Residents of Nikolai, Telida, Lake Minchumina, and Cantwell retain authorization to hunt within park boundaries because large portions of these communities historically hunted in the area for subsistence purposes. Sport hunting is permitted only in designated preserve lands. This creates a two-tier access system: Alaska Native communities retain subsistence rights that recreational visitors do not have.
This is structurally different from most major mountain tourism economies. On Kilimanjaro, local Chagga communities are largely excluded from guiding revenue. On Aconcagua, indigenous presence in the modern climbing economy is minimal. On Denali, indigenous-owned corporations operate concessions inside the park and hold millions of acres surrounding it. The economic relationship is not equitable — it never is — but it is more materially integrated than at any other Seven Summit.
What Denali is
Denali is the largest base-to-summit rise on Earth. It sits at a latitude where the atmosphere compresses and -40 degrees F is a routine operating temperature. The standard route is a 17- to 21-day glacier expedition requiring sleds, rope teams, and crevasse rescue gear. Two out of three people who paid $15,000 or more in 2024 and 2025 did not summit. Six died across those two seasons.
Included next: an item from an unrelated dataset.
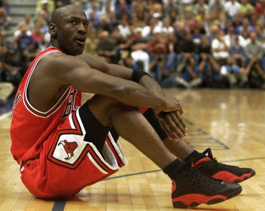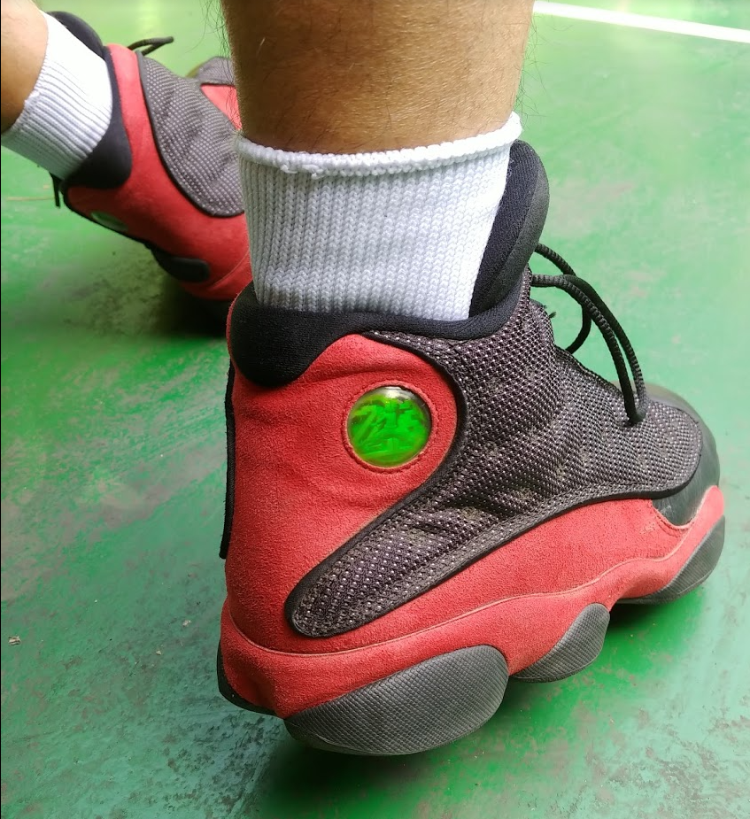 조던 13의 특징은 힐의 녹색 눈깔 홀로그램, 그리고 공룡발바닥 - 그래도 접지는 좋다.

The first person confirmed to stand on its summit was a 20-year-old Koyukon Athabascan man whose people named the mountain. The federal government named it after someone else for 98 years, restored the original name for 10, and then erased it again.
The park road that once carried visitors 92 miles into the interior has been broken by thawing permafrost since 2021 and has no confirmed reopening date. Glaciers in the park lose approximately 6.6 feet of ice per year. The permafrost that held the landscape together is projected to decline from 50% coverage to 6% by mid-century.
The NPS permit costs $450. Many published sources still cite the old number. The success rate is 36%. Many published sources still cite 50%. The park road is closed at Mile 43. Many guidebooks still describe Mile 85.
The mountain Walter Harper climbed in 1913 is the same mountain that exists in 2026. The information most people use to plan for it is not.